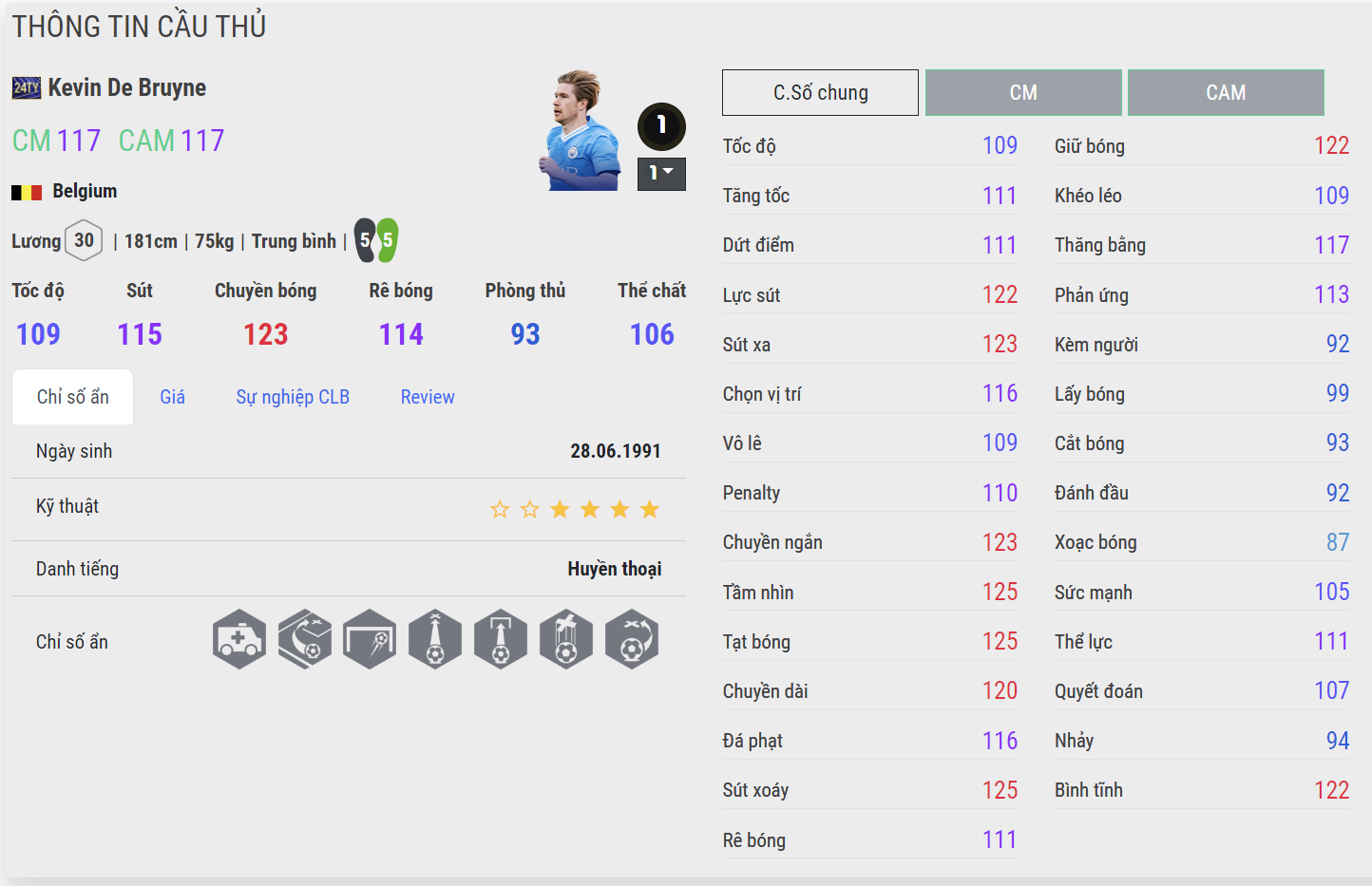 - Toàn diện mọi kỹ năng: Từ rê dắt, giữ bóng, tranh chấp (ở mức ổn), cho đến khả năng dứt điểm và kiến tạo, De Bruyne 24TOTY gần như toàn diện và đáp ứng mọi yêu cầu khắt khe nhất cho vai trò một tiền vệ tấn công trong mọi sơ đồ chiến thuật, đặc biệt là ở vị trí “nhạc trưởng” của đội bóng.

++++++++++++++++++++

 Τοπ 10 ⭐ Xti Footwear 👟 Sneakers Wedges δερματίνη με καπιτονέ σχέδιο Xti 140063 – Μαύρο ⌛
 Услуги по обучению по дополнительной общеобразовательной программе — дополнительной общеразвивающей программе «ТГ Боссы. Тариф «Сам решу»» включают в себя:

++++++++++++++++++++

-- Task directions --
Using the records above, set down exactly the lines from the one with "Τοπ 10 ⭐ Xti" through the one with "Услуги по обучению", inclusive, and nothing more.

-- Written response --
 Τοπ 10 ⭐ Xti Footwear 👟 Sneakers Wedges δερματίνη με καπιτονέ σχέδιο Xti 140063 – Μαύρο ⌛
 Услуги по обучению по дополнительной общеобразовательной программе — дополнительной общеразвивающей программе «ТГ Боссы. Тариф «Сам решу»» включают в себя:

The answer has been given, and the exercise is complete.